Prabal Nandy (nandy@U.Arizona.EDU)
Thu, 8 Apr 1999 19:57:22 -0700 (MST)
> It should be just old fashion sea-sickness. Or reverse sea-sickness (the
> eyes are seeing motions, but the balance sensors in the ears don't feel
That is partially it, but the fact of the matter is that we didn't
evolve from birds, but from ground walking apes. We're simply not _wired_
for flying through the virtual-air with the slightest of ease... it will
take alot of training to get profficient with this sort of immersion
technology and even so, there may come a limit (for example,
Telepresence-wired 'manned' cruise missiles).
> It's not that the brains got overloaded with information, it's that the VR
> helmuts are giving incomplete and inconsistent information that confuse
Definately true, and the flicker doesn't help either.

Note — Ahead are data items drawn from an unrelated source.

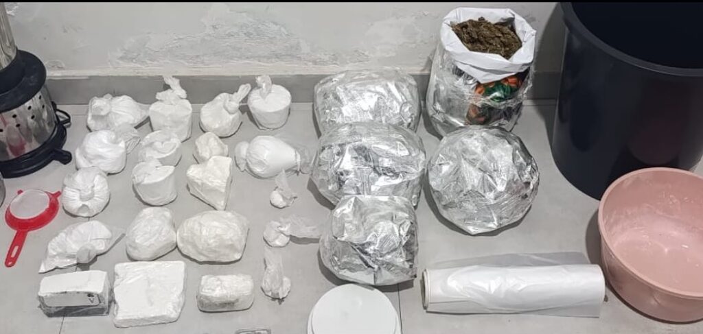 No local, foram apreendidas porções de cocaína e maconha, além de balanças de precisão, utensílios usados na preparação das drogas e um liquidificador industrial.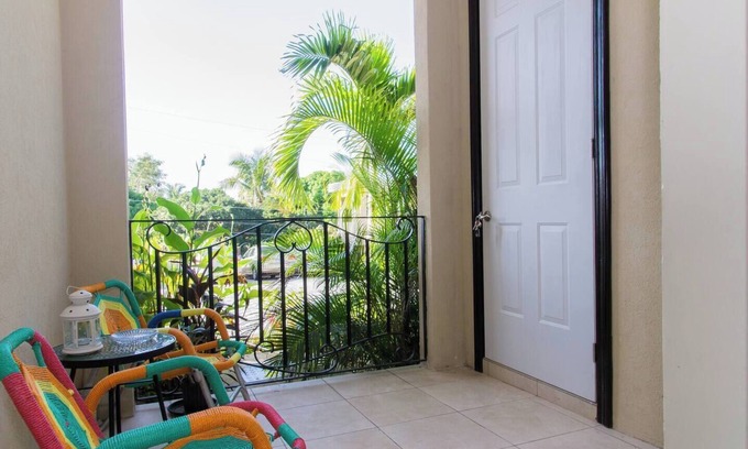 The vacation accommodation is surrounded by lush and beautiful landscaping and garden, star apple tree at the rear of building and sufficient parking. Enjoy the swimming pool or chill by the pool house.
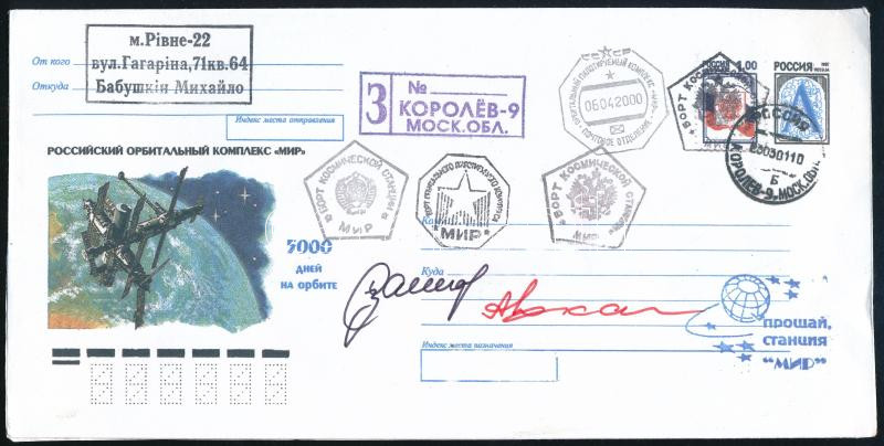 Signatures of Aleksandr Kaleri (1956- ), Sergei Zalyotin (1962- ) Russian astronauts on envelope

> Or it could be something more technical, like if they didn't do the optics
> right, like bad eyeglasses give people headaches. But even if you do
This is true, but that's why military VR systems allow you to tune each
eye's 'monitor' separately.
> everything right, VR helmut will still get some people reverse sea-sick.
Hence the data-overload that I was talking about Earlier... or rather,
data-incompatibility with the human brain's instinctive ways of dealing
with massive amounts of visual data, etc.